The delegation, headed by Alderman Michael Fiddler, president of the Board of Deputies, included representatives of the Association of Jewish ex-Servicemen and Women and the Inter-University Jewish Federation. They visited the Polish envoy to protest Poland’s official campaign to blame Jews — characterized as “Zionist” elements in Poland — for recent student unrest and riots and urged that the campaign be called off immediately to prevent a dangerous situation from developing further. The Ambassador agreed that an opportunity should be found in the very near future for the Polish Government to clarify its views on the matter.

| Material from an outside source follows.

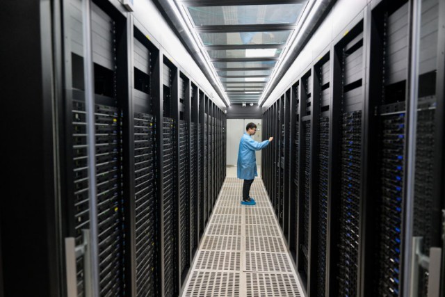 ↑11月28日,工作人员在内蒙古中科超算科技有限公司对设备进行巡检。近年来,内蒙古自治区呼和浩特市和林格尔新区发挥资源和区位优势,大力培育以大数据、云计算为特色的电子信息技术产业集群,构建数字经济发展新格局。新华社记者 李志鹏 摄

The delegation noted that mounting a campaign against a handful of surviving Polish Jews, the remnant of three million who were destroyed by the Nazis, could serve only to discredit the Polish Government in international circles, to encourage neo-fascist and neo-Nazi elements wherever they exist and to invite comparison between the present Warsaw government and the avowedly anti-Semitic pre-war Poland regimes. Any attempt to make 20,000 Polish Jews the scapegoat for internal dissensions in Polish with which they have nothing to do is “both evil and grotesque.” they said. They reminded the Ambassador that Jews have lived on Polish soil for a thousand years, that this was Human Rights Year and that Poland was about to commemorate the 25th anniversary of the Warsaw Ghetto uprising.